## WHAT IS BEING ASKED
Set down each record exactly. Omit the pictures.

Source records
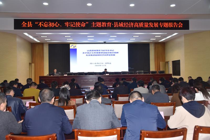 11月14日,扶溝縣召開(kāi)“不忘初心、牢記使命”主題教育·縣域經(jīng)濟(jì)高質(zhì)量發(fā)展專題報(bào)告會(huì),特邀市統(tǒng)計(jì)局黨組成員、總統(tǒng)計(jì)師劉鋒磊作專題輔導(dǎo)。張穎波、姜永來(lái)、張建中、段然、王霄靈、趙紅亮、閆忠玉、尚守永、曹來(lái)凌等縣領(lǐng)導(dǎo)聆聽(tīng)報(bào)告。縣委常委、常委副縣長(zhǎng)王霄靈主持會(huì)議。
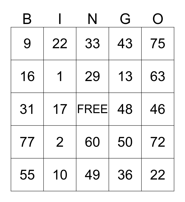 This bingo card has a free space and 24 words: 2, 10, 29, 55, 75, 9, 16, 22, 48, 60, 13, 31, 50, 72, 1, 36, 46, 33, 63, 17, 22, 77, 43 and 49.
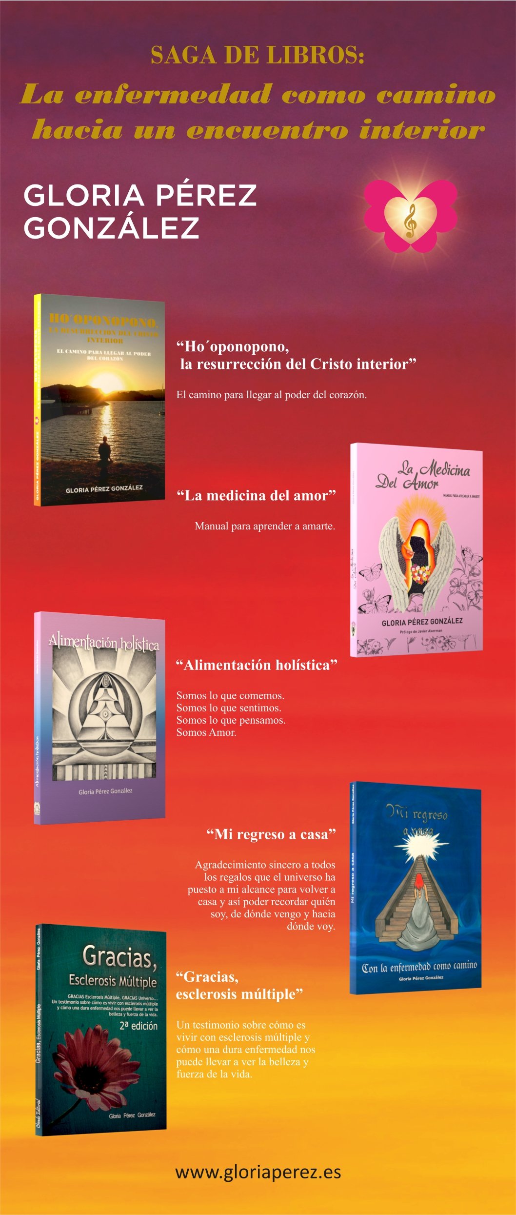 – Has reconocido que las convicciones de tu cuerpo mental también contribuían al desarrollo de bloqueos emocionales, has optado por cambiar esas convicciones de lo que estaba bien o lo que estaba mal respecto de ti misma y de los demás, has recordado la mejor medicina, la medicina del amor que has puesto en práctica primero y has dado a conocer más tarde en tu cuarto libro La Medicina del amor, has recordado lo importante que era aprender a amarte, perdonarte en un primer momento a ti misma, dejar de culparte y de juzgarte ( has hecho un trabajo intenso del perdón que has dado a conocer en tu último libro Ho´oponopono, la resurrección del cristo interior), en esta tu última obra das a conocer a tus lectores como se puede llegar a vivir en un primer momento guiándote por los mensajes que yo te hacía llegar para recordar más tarde como vivir escuchando la voz del corazón, recuperando la conexión con el cristo interior que todos portamos en el corazón.
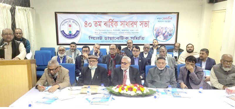 শুক্রবার সন্ধ্যায় সিলেট শহরের জিন্দাবাজার, পুরানলেনস্থ সিলেট ডায়াবেটিক সমিতির বীর মুক্তিযোদ্ধা ইফতেখার হোসেন শামীম সভাকক্ষে সিলেট ডায়াবেটিক সমিতির ৪০তম বার্ষিক সাধারন সভা ও ত্রি-বার্ষিক নির্বাচনের ফলাফল ঘোষনা অনুষ্ঠান অনুষ্ঠিত হয়। সভায় সভাপতিত্ব করেন সমিতির সহ-সভাপতি অধ্যাপক ডা. শিব্বির আহমদ শিবলী। সিলেট ডায়াবেটিক এন্ড জেনারেল হাসপাতালের অফিস সহকারী মো: লিয়াকত হোসেন এর পরিচালনায় অনুষ্ঠিত সভার শুরুতেই পবিত্র কোরআন তেলাওয়াত করেন হাসপাতালের সহকারী স্টোর কীপার এ.এইচ.এম. সালেহ ইব্রাহিম, পবিত্র গীতা থেকে শ্লোক পাঠ করেন আমন্ত্রিত অতিথি এডভোকেট বিজয় কৃষ্ণ বিশ্বাস ।
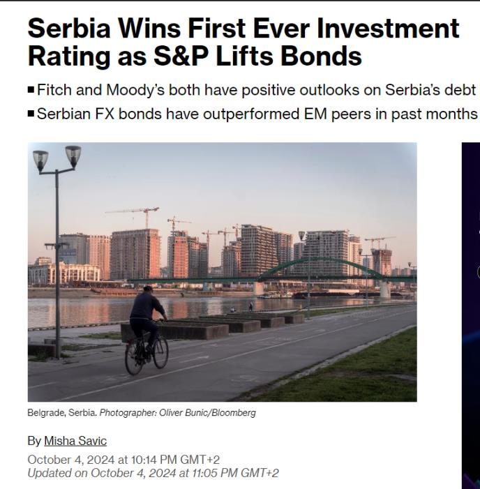 U tekstu agencije Blumberg kaže se da je S&P Global Ratings podigao kreditni rejting Srbije u stranoj valuti na BBB-, čime je zemlja izašla iz kategorije „đubre“ i dobila svoj prvi investicioni rejting. Ova ocena stavlja Srbiju u isti rang sa Mađarskom i Rumunijom i jedan stepen ispod Meksika, dok su ekonomski izgledi stabilni.

## RESPONSE AREA
 11月14日,扶溝縣召開(kāi)“不忘初心、牢記使命”主題教育·縣域經(jīng)濟(jì)高質(zhì)量發(fā)展專題報(bào)告會(huì),特邀市統(tǒng)計(jì)局黨組成員、總統(tǒng)計(jì)師劉鋒磊作專題輔導(dǎo)。張穎波、姜永來(lái)、張建中、段然、王霄靈、趙紅亮、閆忠玉、尚守永、曹來(lái)凌等縣領(lǐng)導(dǎo)聆聽(tīng)報(bào)告。縣委常委、常委副縣長(zhǎng)王霄靈主持會(huì)議。
 This bingo card has a free space and 24 words: 2, 10, 29, 55, 75, 9, 16, 22, 48, 60, 13, 31, 50, 72, 1, 36, 46, 33, 63, 17, 22, 77, 43 and 49.
 – Has reconocido que las convicciones de tu cuerpo mental también contribuían al desarrollo de bloqueos emocionales, has optado por cambiar esas convicciones de lo que estaba bien o lo que estaba mal respecto de ti misma y de los demás, has recordado la mejor medicina, la medicina del amor que has puesto en práctica primero y has dado a conocer más tarde en tu cuarto libro La Medicina del amor, has recordado lo importante que era aprender a amarte, perdonarte en un primer momento a ti misma, dejar de culparte y de juzgarte ( has hecho un trabajo intenso del perdón que has dado a conocer en tu último libro Ho´oponopono, la resurrección del cristo interior), en esta tu última obra das a conocer a tus lectores como se puede llegar a vivir en un primer momento guiándote por los mensajes que yo te hacía llegar para recordar más tarde como vivir escuchando la voz del corazón, recuperando la conexión con el cristo interior que todos portamos en el corazón.
 শুক্রবার সন্ধ্যায় সিলেট শহরের জিন্দাবাজার, পুরানলেনস্থ সিলেট ডায়াবেটিক সমিতির বীর মুক্তিযোদ্ধা ইফতেখার হোসেন শামীম সভাকক্ষে সিলেট ডায়াবেটিক সমিতির ৪০তম বার্ষিক সাধারন সভা ও ত্রি-বার্ষিক নির্বাচনের ফলাফল ঘোষনা অনুষ্ঠান অনুষ্ঠিত হয়। সভায় সভাপতিত্ব করেন সমিতির সহ-সভাপতি অধ্যাপক ডা. শিব্বির আহমদ শিবলী। সিলেট ডায়াবেটিক এন্ড জেনারেল হাসপাতালের অফিস সহকারী মো: লিয়াকত হোসেন এর পরিচালনায় অনুষ্ঠিত সভার শুরুতেই পবিত্র কোরআন তেলাওয়াত করেন হাসপাতালের সহকারী স্টোর কীপার এ.এইচ.এম. সালেহ ইব্রাহিম, পবিত্র গীতা থেকে শ্লোক পাঠ করেন আমন্ত্রিত অতিথি এডভোকেট বিজয় কৃষ্ণ বিশ্বাস ।
 U tekstu agencije Blumberg kaže se da je S&P Global Ratings podigao kreditni rejting Srbije u stranoj valuti na BBB-, čime je zemlja izašla iz kategorije „đubre“ i dobila svoj prvi investicioni rejting. Ova ocena stavlja Srbiju u isti rang sa Mađarskom i Rumunijom i jedan stepen ispod Meksika, dok su ekonomski izgledi stabilni.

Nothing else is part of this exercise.